Un nuovo studio internazionale ha dimostrato i benefici nel tumore della vescica di un innovativo dispositivo sperimentale che rilascia il farmaco chemioterapico gemcitabina direttamente sulla zona colpita dal cancro, consentendo in molti casi di evitare o rimandare la cistectomia, ossia l’intervento chirurgico più invasivo di rimozione completa della vescica. La ricerca, coordinata dall’University of Southern California e pubblicata sul Journal of Clinical Oncology, ha coinvolto 142 centri in 14 Paesi, tra cui l’Italia e l’Istituto Nazionale del Tumori Regina Elena (IRE) di Roma è stato il centro che ha arruolato più pazienti a livello mondiale.
Il nuovo dispositivo per la terapia localizzata
Il tumore della vescica è il secondo più comune in urologia dopo quello della prostata. In Italia si registrano ogni anno circa 29.700 nuovi casi. Colpisce soprattutto tra i 60 e i 70 anni ed è quasi quattro volte più frequente negli uomini rispetto alle donne.

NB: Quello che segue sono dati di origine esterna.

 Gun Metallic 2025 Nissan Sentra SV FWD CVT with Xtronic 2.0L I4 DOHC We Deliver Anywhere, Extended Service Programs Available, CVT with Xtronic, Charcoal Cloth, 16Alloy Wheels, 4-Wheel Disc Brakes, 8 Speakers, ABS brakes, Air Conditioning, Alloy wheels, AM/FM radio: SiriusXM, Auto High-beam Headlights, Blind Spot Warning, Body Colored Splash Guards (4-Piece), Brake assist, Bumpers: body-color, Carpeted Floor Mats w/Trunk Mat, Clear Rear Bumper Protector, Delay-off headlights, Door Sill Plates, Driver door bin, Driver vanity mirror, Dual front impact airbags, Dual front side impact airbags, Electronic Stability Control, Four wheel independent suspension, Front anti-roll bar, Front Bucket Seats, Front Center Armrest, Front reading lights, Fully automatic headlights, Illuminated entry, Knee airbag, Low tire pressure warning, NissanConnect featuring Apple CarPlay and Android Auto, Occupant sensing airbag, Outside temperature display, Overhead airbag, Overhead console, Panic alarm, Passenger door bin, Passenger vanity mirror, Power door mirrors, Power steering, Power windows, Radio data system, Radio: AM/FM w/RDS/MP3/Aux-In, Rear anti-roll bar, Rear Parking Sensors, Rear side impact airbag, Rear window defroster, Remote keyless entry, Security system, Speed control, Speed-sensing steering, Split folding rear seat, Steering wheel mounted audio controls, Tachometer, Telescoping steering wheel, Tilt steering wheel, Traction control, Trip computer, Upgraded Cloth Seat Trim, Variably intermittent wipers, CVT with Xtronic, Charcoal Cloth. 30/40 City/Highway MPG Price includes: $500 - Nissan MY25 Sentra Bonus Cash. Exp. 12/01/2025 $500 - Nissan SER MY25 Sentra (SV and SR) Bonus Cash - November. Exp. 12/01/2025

Le cure standard per il tumore della vescica non muscolo invasivo ad alto rischio sono rappresentate dall’asportazione del tumore e dall’utilizzo dell’immunoterapia con BCG (Bacillo Calmette-Guerin). Tuttavia in alcuni casi la neoplasia può recidivare e rendersi necessaria la cistectomia radicale, un intervento invasivo e non scevro da rischi e complicanze che prevede la rimozione di tutta la vescica. Nel nuovo studio internazionale, denominato SunRISe-1, i ricercatori hanno testato un approccio meno invasivo per trattare la recidiva, basato sull’impiego di un particolare dispositivo, chiamato TAR-200. Questo sistema funziona come un “cerotto medicato interno” che, posizionato nella vescica, rilascia lentamente e in modo continuo il farmaco chemioterapico gemcitabina direttamente sulla zona colpita da tumore.

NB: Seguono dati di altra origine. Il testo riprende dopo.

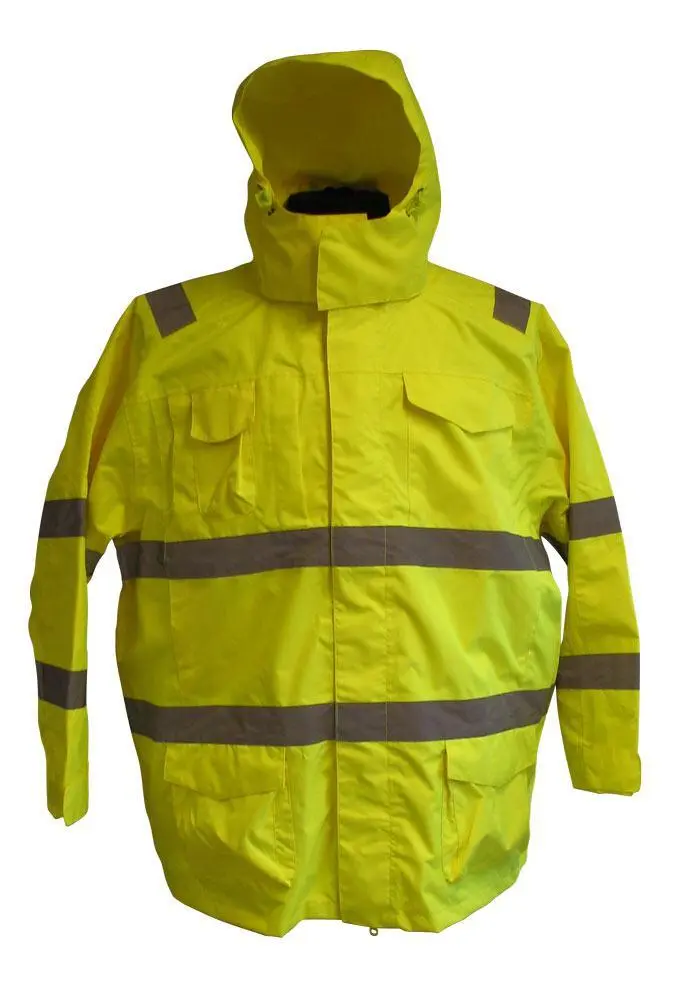 Arbetsregnjackan är gul och har reflexer. Jackan har avtagbar huva. Huven kan stängas tätt med dragsko och det finns extra stängning vid halsen som stängs med velcro.

Meno cistectomie con il cerotto medicato interno
I risultati dello studio mostrano che il nuovo dispositivo TAR-200 ha ottenuto un tasso di risposta completa mai visto prima, pari all’82% nei pazienti con carcinoma uroteliale ad alto rischio, non muscolo invasivo, non più responsivi all’immunoterapia con BCG. Le risposte sono state rapide e durature e il trattamento è risultato ben tollerato. Un dato particolarmente importante è che la maggior parte dei pazienti ha potuto evitare o rimandare la cistectomia, l’intervento chirurgico più invasivo che comporta appunto la rimozione della vescica.

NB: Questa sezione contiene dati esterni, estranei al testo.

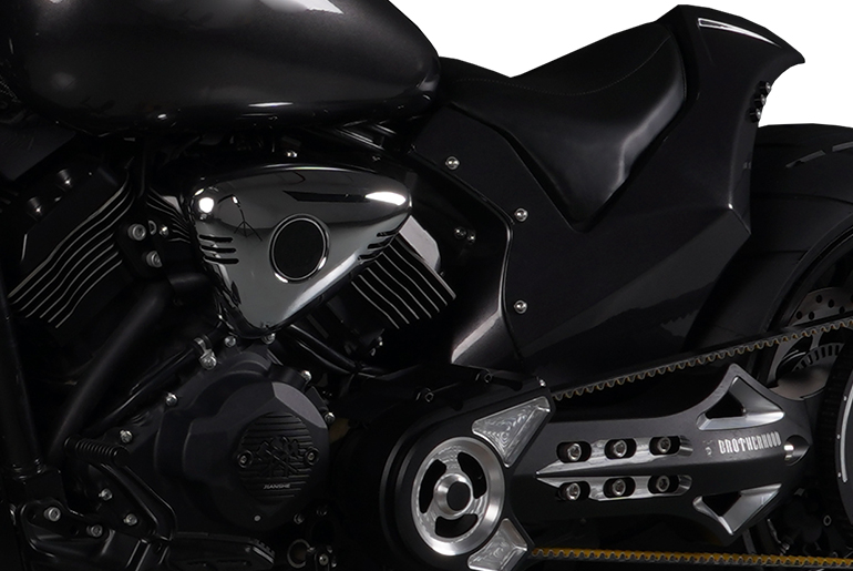| V型双缸800cc发动机 水滴形平口油箱,大容积20升,续航能力强 真正野性霸气的巡航机车 360mm超大宽胎 合理舒适的人机工程设计 |
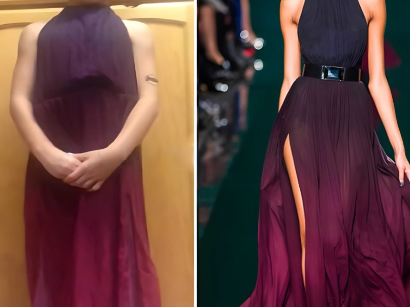 burgundy ombre gown on Facebook/@KnockOffNightmares

«Questi risultati rappresentano un passo avanti decisivo verso terapie innovative, meno invasive e più tollerabili per i nostri pazienti – segnala Giuseppe Simone, direttore dell’Unità operativa complessa di Urologia dell’IRE – L’esperienza maturata all’interno dello studio SunRISe-1 conferma la posizione di leadership dell’Istituto nell’ambito dell’urologia oncologica».